Records for the exercise:
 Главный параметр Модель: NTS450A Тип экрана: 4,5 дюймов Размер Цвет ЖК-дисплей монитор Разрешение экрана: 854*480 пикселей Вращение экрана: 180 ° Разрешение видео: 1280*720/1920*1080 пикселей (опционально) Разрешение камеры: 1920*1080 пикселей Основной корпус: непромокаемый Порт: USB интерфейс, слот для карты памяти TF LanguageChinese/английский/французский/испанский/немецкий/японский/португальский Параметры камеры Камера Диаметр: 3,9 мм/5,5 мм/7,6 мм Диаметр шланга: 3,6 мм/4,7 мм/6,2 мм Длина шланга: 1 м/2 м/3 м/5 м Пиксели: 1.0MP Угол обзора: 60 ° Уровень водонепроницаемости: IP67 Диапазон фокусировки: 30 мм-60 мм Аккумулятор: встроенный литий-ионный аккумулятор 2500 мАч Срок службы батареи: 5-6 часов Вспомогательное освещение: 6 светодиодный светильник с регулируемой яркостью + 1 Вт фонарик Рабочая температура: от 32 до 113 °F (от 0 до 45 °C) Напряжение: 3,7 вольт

--

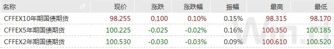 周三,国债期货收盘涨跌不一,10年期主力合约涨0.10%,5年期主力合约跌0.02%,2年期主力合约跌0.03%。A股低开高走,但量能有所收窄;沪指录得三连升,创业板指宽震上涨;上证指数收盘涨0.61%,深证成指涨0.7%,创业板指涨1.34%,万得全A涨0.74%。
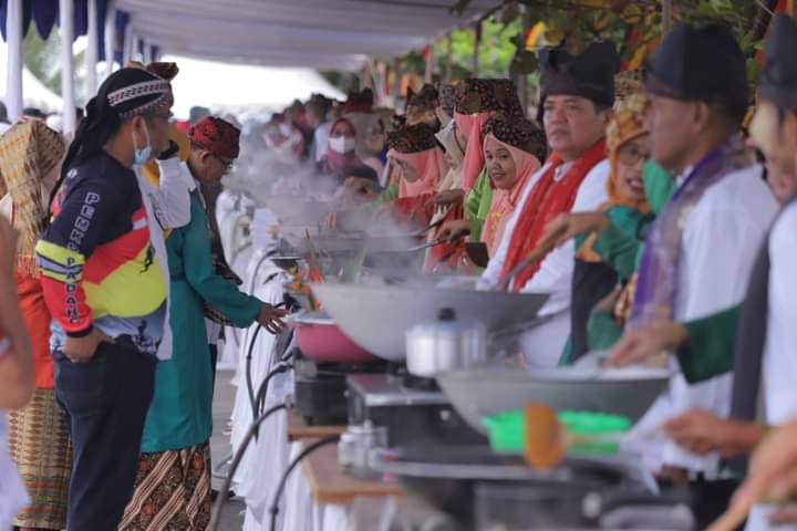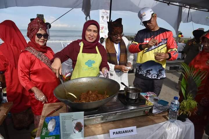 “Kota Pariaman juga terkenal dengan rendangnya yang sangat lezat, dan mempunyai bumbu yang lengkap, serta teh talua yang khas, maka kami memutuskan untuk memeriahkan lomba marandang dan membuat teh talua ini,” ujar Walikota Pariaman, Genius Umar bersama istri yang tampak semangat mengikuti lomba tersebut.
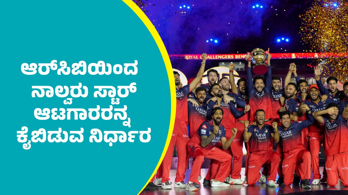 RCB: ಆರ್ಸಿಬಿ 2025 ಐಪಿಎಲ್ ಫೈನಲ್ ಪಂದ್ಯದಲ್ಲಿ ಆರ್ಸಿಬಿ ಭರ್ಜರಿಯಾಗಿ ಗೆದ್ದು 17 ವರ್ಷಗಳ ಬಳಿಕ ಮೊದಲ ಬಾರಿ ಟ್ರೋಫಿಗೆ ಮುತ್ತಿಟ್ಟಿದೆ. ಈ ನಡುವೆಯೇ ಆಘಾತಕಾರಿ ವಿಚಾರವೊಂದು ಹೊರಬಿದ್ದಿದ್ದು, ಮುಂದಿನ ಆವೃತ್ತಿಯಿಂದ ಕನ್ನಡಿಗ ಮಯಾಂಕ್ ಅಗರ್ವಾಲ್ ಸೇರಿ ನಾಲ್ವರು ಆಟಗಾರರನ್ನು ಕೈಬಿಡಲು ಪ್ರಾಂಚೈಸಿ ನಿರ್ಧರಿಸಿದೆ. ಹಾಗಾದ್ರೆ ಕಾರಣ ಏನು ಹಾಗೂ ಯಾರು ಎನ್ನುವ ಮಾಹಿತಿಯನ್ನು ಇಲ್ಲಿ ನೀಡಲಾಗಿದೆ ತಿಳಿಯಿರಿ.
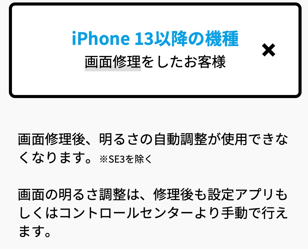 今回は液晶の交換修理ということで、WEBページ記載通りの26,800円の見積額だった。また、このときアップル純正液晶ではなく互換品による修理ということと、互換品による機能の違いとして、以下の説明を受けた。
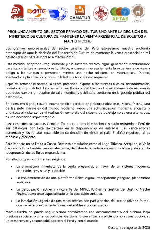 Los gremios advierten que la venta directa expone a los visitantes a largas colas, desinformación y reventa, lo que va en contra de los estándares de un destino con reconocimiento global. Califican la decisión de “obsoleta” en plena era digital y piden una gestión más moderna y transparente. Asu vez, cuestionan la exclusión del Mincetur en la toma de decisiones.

* * *

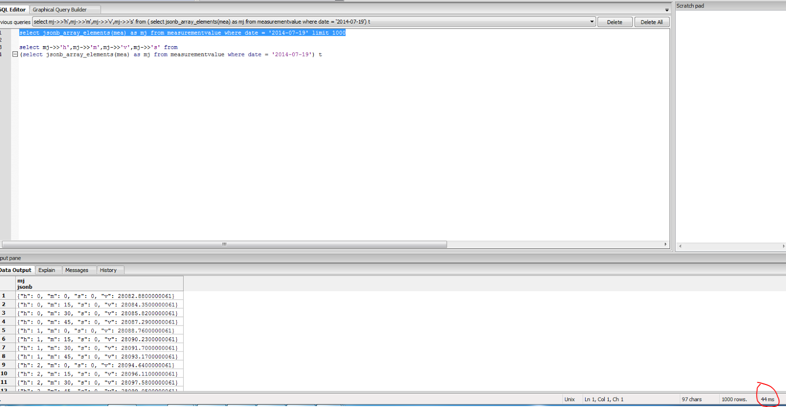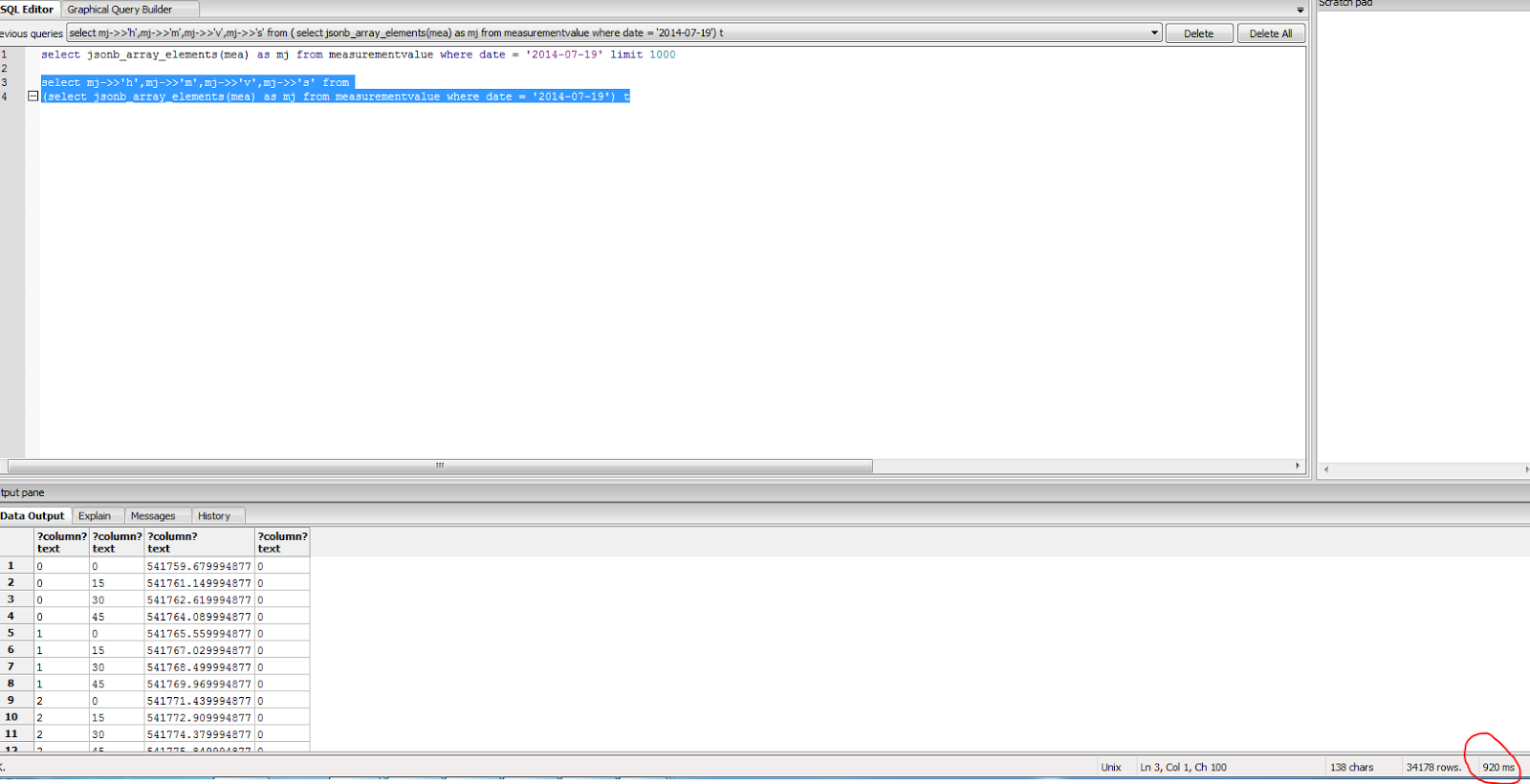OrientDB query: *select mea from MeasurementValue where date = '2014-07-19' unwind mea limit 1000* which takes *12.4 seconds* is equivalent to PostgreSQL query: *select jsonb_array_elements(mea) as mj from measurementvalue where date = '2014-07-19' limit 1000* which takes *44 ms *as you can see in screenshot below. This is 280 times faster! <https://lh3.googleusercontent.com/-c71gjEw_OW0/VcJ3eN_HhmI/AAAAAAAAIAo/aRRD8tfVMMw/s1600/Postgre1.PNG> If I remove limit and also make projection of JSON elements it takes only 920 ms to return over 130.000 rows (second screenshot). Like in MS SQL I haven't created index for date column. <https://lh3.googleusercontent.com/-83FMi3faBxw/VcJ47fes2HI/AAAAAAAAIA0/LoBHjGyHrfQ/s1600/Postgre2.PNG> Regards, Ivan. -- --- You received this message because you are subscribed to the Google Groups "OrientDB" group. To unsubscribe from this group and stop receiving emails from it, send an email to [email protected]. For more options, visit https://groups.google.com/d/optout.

What the exercise asks:
Quote the data above exactly from the line with "RCB: ಆರ್ಸಿಬಿ 2025" to the line with "今回は液晶の交換修理というこ", both ends counted, and nothing else. Pictures don't go in.

Written solution:
 RCB: ಆರ್ಸಿಬಿ 2025 ಐಪಿಎಲ್ ಫೈನಲ್ ಪಂದ್ಯದಲ್ಲಿ ಆರ್ಸಿಬಿ ಭರ್ಜರಿಯಾಗಿ ಗೆದ್ದು 17 ವರ್ಷಗಳ ಬಳಿಕ ಮೊದಲ ಬಾರಿ ಟ್ರೋಫಿಗೆ ಮುತ್ತಿಟ್ಟಿದೆ. ಈ ನಡುವೆಯೇ ಆಘಾತಕಾರಿ ವಿಚಾರವೊಂದು ಹೊರಬಿದ್ದಿದ್ದು, ಮುಂದಿನ ಆವೃತ್ತಿಯಿಂದ ಕನ್ನಡಿಗ ಮಯಾಂಕ್ ಅಗರ್ವಾಲ್ ಸೇರಿ ನಾಲ್ವರು ಆಟಗಾರರನ್ನು ಕೈಬಿಡಲು ಪ್ರಾಂಚೈಸಿ ನಿರ್ಧರಿಸಿದೆ. ಹಾಗಾದ್ರೆ ಕಾರಣ ಏನು ಹಾಗೂ ಯಾರು ಎನ್ನುವ ಮಾಹಿತಿಯನ್ನು ಇಲ್ಲಿ ನೀಡಲಾಗಿದೆ ತಿಳಿಯಿರಿ.
 今回は液晶の交換修理ということで、WEBページ記載通りの26,800円の見積額だった。また、このときアップル純正液晶ではなく互換品による修理ということと、互換品による機能の違いとして、以下の説明を受けた。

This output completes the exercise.